**Data provided:**
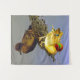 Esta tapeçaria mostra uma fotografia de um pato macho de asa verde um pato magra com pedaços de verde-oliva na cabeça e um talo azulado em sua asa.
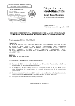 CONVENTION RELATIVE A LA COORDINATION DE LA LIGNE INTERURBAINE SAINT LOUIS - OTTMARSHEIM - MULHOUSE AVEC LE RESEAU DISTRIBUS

==

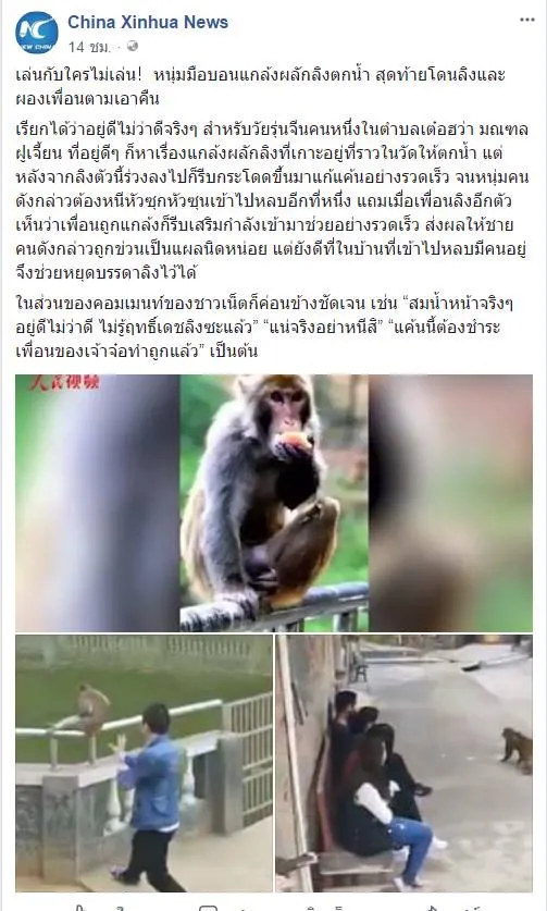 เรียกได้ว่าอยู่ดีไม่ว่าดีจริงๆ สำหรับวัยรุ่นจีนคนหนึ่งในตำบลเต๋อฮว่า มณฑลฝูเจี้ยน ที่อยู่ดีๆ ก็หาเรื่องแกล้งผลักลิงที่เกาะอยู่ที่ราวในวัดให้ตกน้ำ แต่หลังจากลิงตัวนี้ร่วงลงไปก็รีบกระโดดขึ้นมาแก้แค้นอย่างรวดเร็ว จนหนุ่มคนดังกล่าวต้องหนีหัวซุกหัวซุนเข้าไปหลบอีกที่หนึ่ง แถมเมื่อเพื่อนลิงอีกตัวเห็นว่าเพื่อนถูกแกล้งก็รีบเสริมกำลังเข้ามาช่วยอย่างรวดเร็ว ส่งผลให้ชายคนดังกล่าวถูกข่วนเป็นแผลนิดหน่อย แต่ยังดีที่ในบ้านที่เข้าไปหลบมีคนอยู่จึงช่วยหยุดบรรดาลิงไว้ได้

---

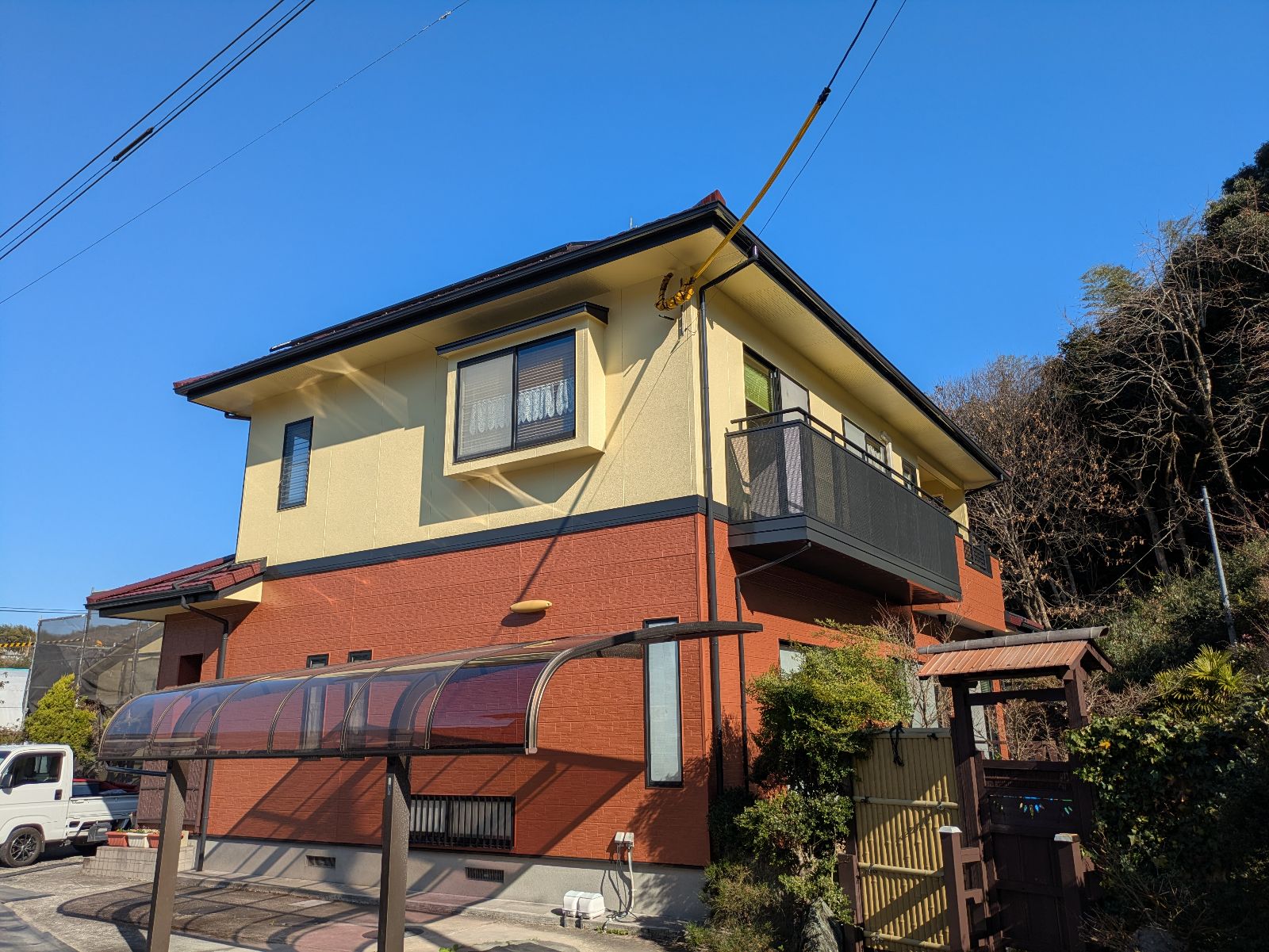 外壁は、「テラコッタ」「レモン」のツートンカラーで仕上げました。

**Task directions:** Give the lines above again exactly, from the one containing "Esta tapeçaria mostra" to the one containing "CONVENTION RELATIVE A", both included, but leave out the pictures.

**Reply:**
 Esta tapeçaria mostra uma fotografia de um pato macho de asa verde um pato magra com pedaços de verde-oliva na cabeça e um talo azulado em sua asa.
 CONVENTION RELATIVE A LA COORDINATION DE LA LIGNE INTERURBAINE SAINT LOUIS - OTTMARSHEIM - MULHOUSE AVEC LE RESEAU DISTRIBUS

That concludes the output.